Полная версия
Просто шли по дороге звери…
Марго теперь живёт у океана, уже перевезла весной семью. Она фотограф – пальмы и лианы, заказчики покоя не дают. Недавно у Марго родился мальчик. Но почему-то каждым январём Маргошу тянет дописать романчик и сильно поругаться с фонарём.
Колобок
Колодезный журавль воду пьёт. Давай тащи унылое тряпьё по переулкам, улицам и скверам к русалкам, ограм, фавнам и химерам.
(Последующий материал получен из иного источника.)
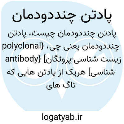 {polyclonal antibody} [زیست شناسی-پروتگان شناسی] هریک از پادتن هایی که تاگ های متفاوت لنفوسیت های B را می سازند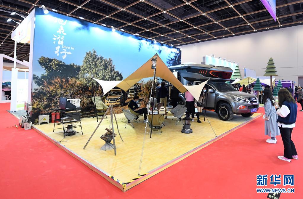 4月16日,在中国(北京)国际休闲产业博览会上,观众参观展出的户外装备。

Не человек – небесный сухпаёк.
От бабушки, от дедушки ушёл. Давай кричи, что это хорошо. Вполне самостоятельное тесто, катись вон
от работы до подъезда.
По новым городам стелись, как шёлк.
Докатишься до берега реки, мостков, рогоза, плачущих ракит. А там твой бог сидит себе рыбачит на червяка,
на хлеб и на удачу.
Над головой летают мотыльки.
Поправив плащ, резиновый сапог, он скажет: что, попался, колобок? Костёр бы надо, не найдётся спичек? Какой самонадеянный куличик,
ты посмотри, какой капризный бок.
А я тебе давно не конвоир, но бесконечно умножал, двоил. С любовью, снами, сказками, котами Господь тебя в ладонях покатает, пригладив все неровности твои.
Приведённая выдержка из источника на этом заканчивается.